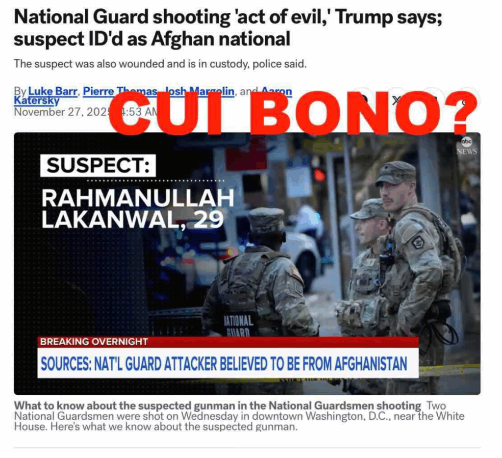 *CUI BONO? Trump called the attack on “terrorism,” meaning it was a strategically-conceived violent act against civilians (?) designed to accrue political gain for the perpetrators. (That’s the definition of terrorism, which has been an all-too-common military tactic throughout thousands of years of history.) But since all terrorism is strategic, what, specifically, was the strategic purpose of whoever was behind this shooting? The question answers itself: Trump and his agenda were the primary beneficiaries. The President got to bloviate on Thanksgiving Eve, calling the shooter an “animal,” while posing as the protector of the nation in general and its capital in particular. His order to send the National Guard to Washington DC seems vindicated by the purported “radical Afghan Muslim terror attack.” (Hegseth used the attack as an excuse to send 500 more guardsmen into DC.) And Trump’s anti-immigration agenda got a huge boost as Trump was handed an excuse to issue an order: “Processing of all immigration requests relating to Afghan nationals is stopped indefinitely pending further review of security and vetting protocols.”
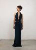 Платье макси из мягкой вискозы. Декоративные полосы ткани, ниспадающие от плеч к полу, напоминают водопад среди тропиков, добавляя образу лёгкость и динамику. Силуэт создан за счёт акцентной линии по талии и открытой спины. Платье имеет двойной слой, что гарантирует комфорт в носке.
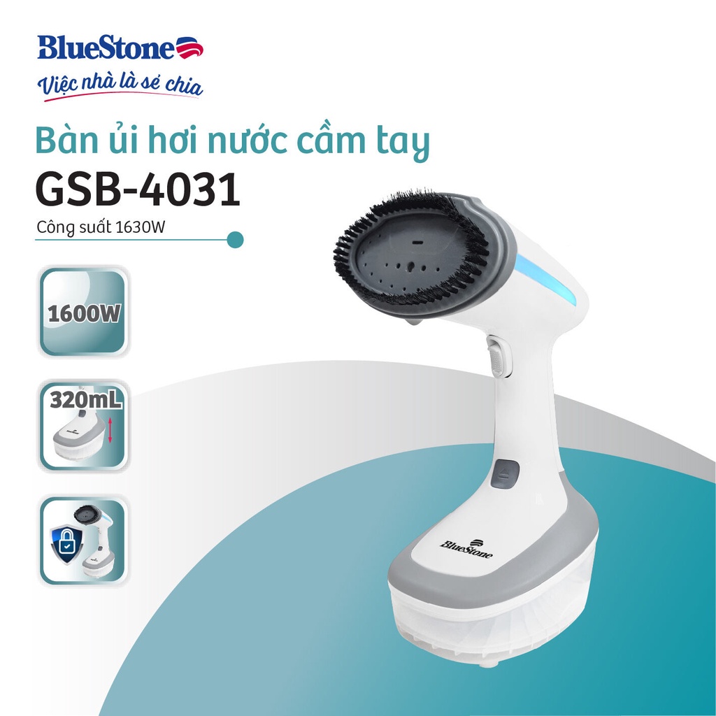 Thiết Bị Điện Gia Dụng > Thiết bị điện gia dụng nhỏ > Bàn là khô & Hơi nước || Bàn ủi hơi nước cầm tay BlueStone GSB-4031 - Công suất 1370-1630W - Bình chưa 320 mL có thể tháo rời - Hàng Chính HãngCòn hàng
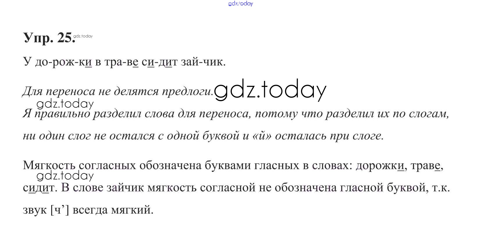 На страницах сайта gdz.today вы найдете учебный и вспомогательный материал, направленный на улучшения знаний школьной программы. ГДЗ - онлайн мир знаний Решение. Упражнения  25 Учебнику по Русскому языку для 1 класса Бунеев, Бунеева  Баласс Школа 2100 2016
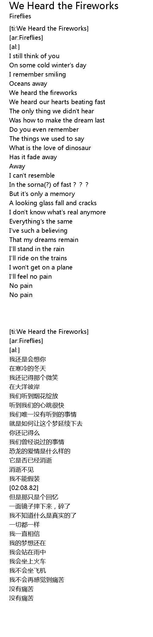 | [00:39.74] | We heard the fireworks |
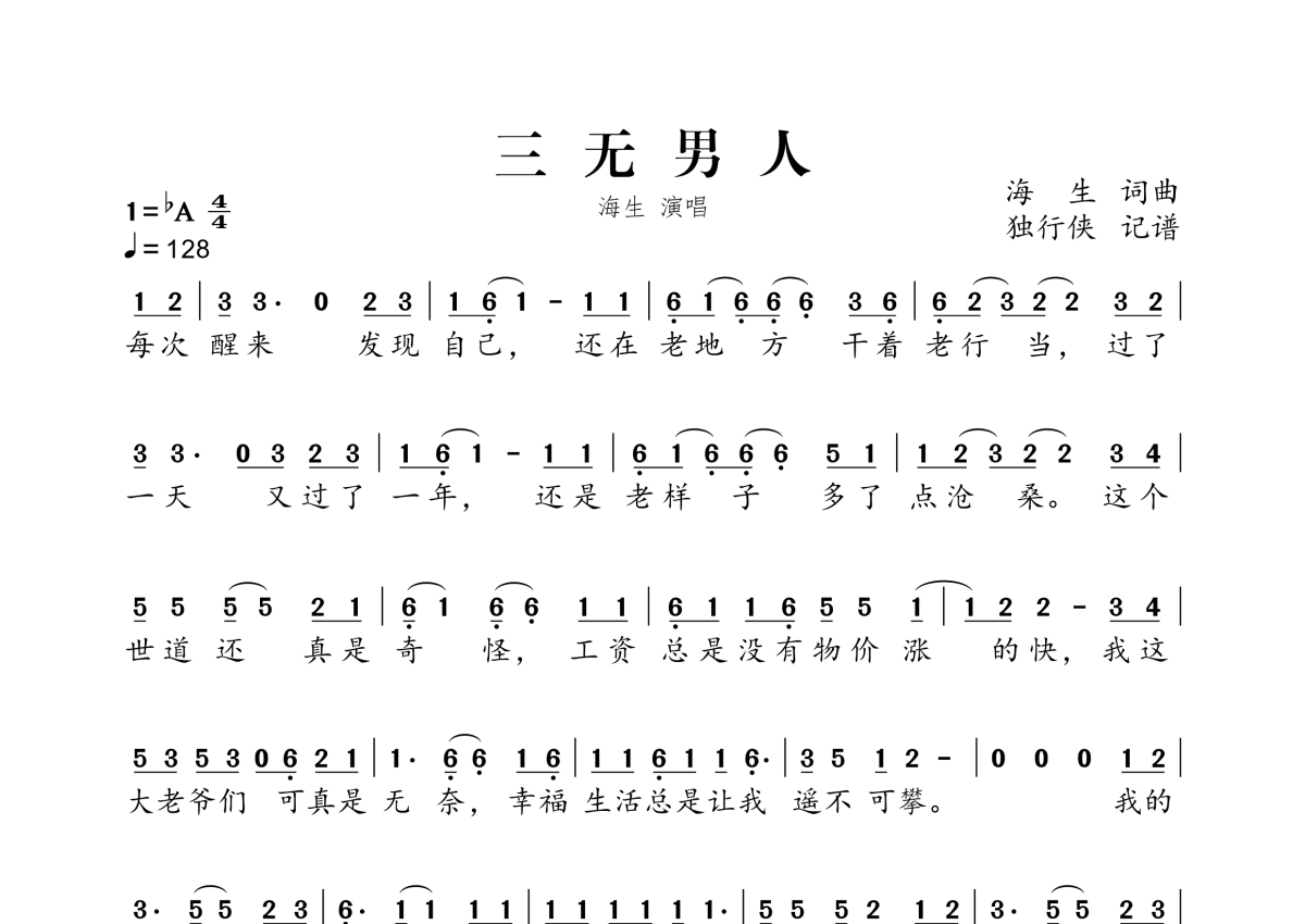 三无男人简谱 - 海生演唱
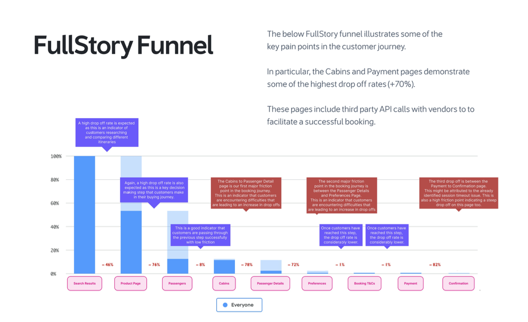 Analysis of the FullStory funnels revealed a significant drop-off (~70%) on the Cabin Selection page. Reviewing session recordings suggested that the current UI and selection process was confusing potential customers, leading many to abandon their bookings.
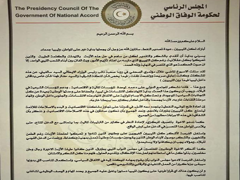 أن فرصة تحقيق السلام والأمان، والرخاء، في ربوع بلادنا ممكنة، ومواتية، إذا اتحدنا شباباً وكهولاً، نساءً ورجال .. فليبيا بلد شبابي يتميز بأن ما نسبته 75%  من مواطنيه في سن الشباب، ودون سن الثلاثين، وهم قوة منتجة، ومبدعة، وخلاقة، ويستطيعون إذا ما توفر لهم المناخ المناسب خوض غمار التنمية الشاملة وقيادة البلاد إلى مستقر لها، ينعم فيه مواطنوها بالأمن والاستقرار، والطمأنينة، والرخاء، والعدالة، والمساواة .. لذا فنحن بحاجة إلى حكومة توافق تحقق هذه الخيارات الاستراتيجية، وتواجه تلكم التحديات التي كادت أن تعصف بنا وببلادنا وبمستقبلنا .. وليس الأمر هيناً .. لكن عزيمة الرجال المخلصين تصنع المستحيل، وتحقق الطموحات الكبيرة لليبيين جميعاً دون استثناء أو إقصاء.
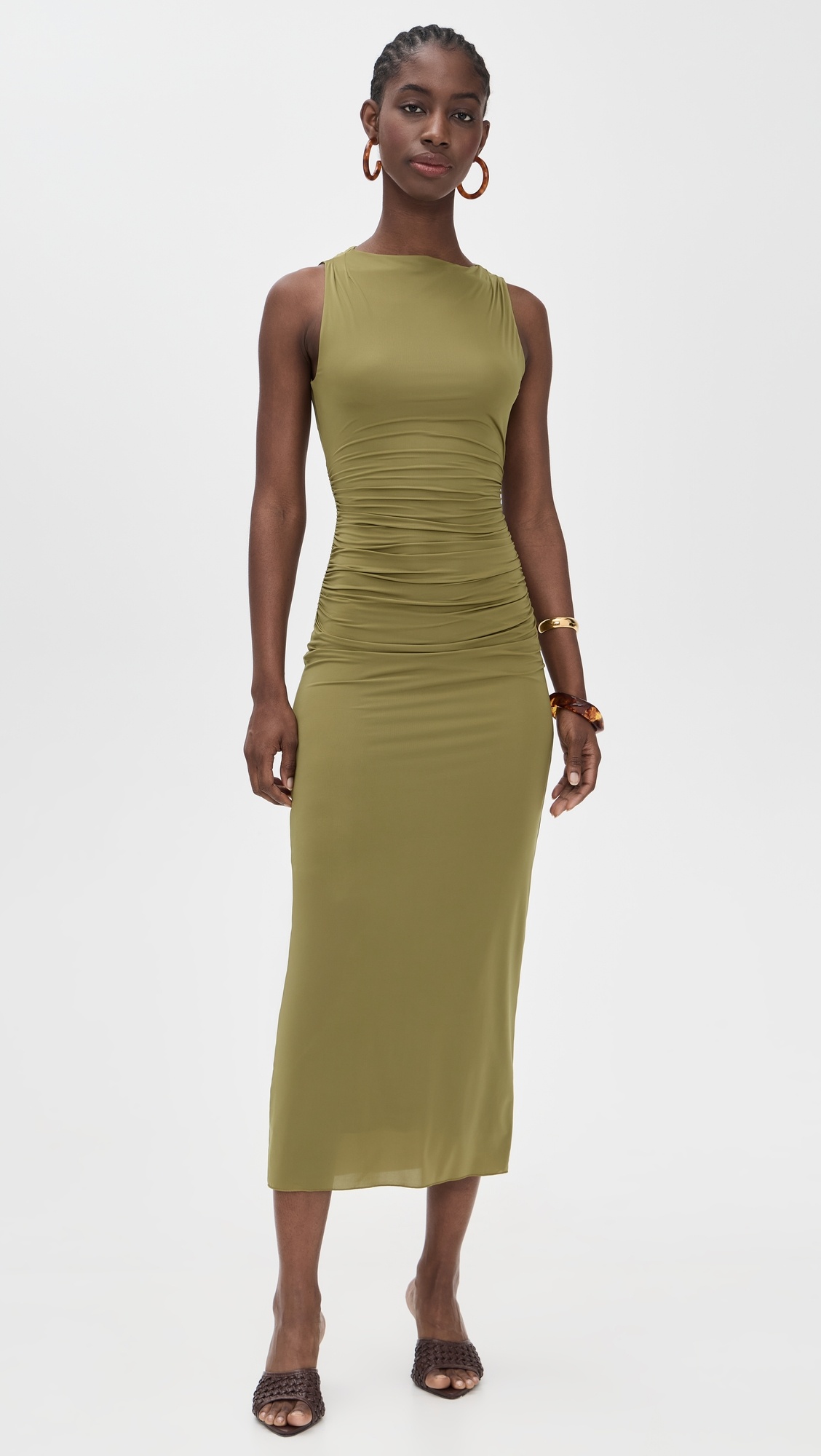 - Fabric: Lightweight, super-stretch slinky jersey - Ruching at hips - Open back with twist detail - Midi length - Boat neck - Sleeveless - Pullover design, no closure - Shell: 85% nylon/15% spandex - Lined - Dry clean - Imported, China Style #SIRRR30139

______

Your task is to retype exactly the lines that run from the line with "أن فرصة تحقيق" through the last line of the material, with the pictures left out.

FINISHED EXERCISE.
 أن فرصة تحقيق السلام والأمان، والرخاء، في ربوع بلادنا ممكنة، ومواتية، إذا اتحدنا شباباً وكهولاً، نساءً ورجال .. فليبيا بلد شبابي يتميز بأن ما نسبته 75%  من مواطنيه في سن الشباب، ودون سن الثلاثين، وهم قوة منتجة، ومبدعة، وخلاقة، ويستطيعون إذا ما توفر لهم المناخ المناسب خوض غمار التنمية الشاملة وقيادة البلاد إلى مستقر لها، ينعم فيه مواطنوها بالأمن والاستقرار، والطمأنينة، والرخاء، والعدالة، والمساواة .. لذا فنحن بحاجة إلى حكومة توافق تحقق هذه الخيارات الاستراتيجية، وتواجه تلكم التحديات التي كادت أن تعصف بنا وببلادنا وبمستقبلنا .. وليس الأمر هيناً .. لكن عزيمة الرجال المخلصين تصنع المستحيل، وتحقق الطموحات الكبيرة لليبيين جميعاً دون استثناء أو إقصاء.
 - Fabric: Lightweight, super-stretch slinky jersey - Ruching at hips - Open back with twist detail - Midi length - Boat neck - Sleeveless - Pullover design, no closure - Shell: 85% nylon/15% spandex - Lined - Dry clean - Imported, China Style #SIRRR30139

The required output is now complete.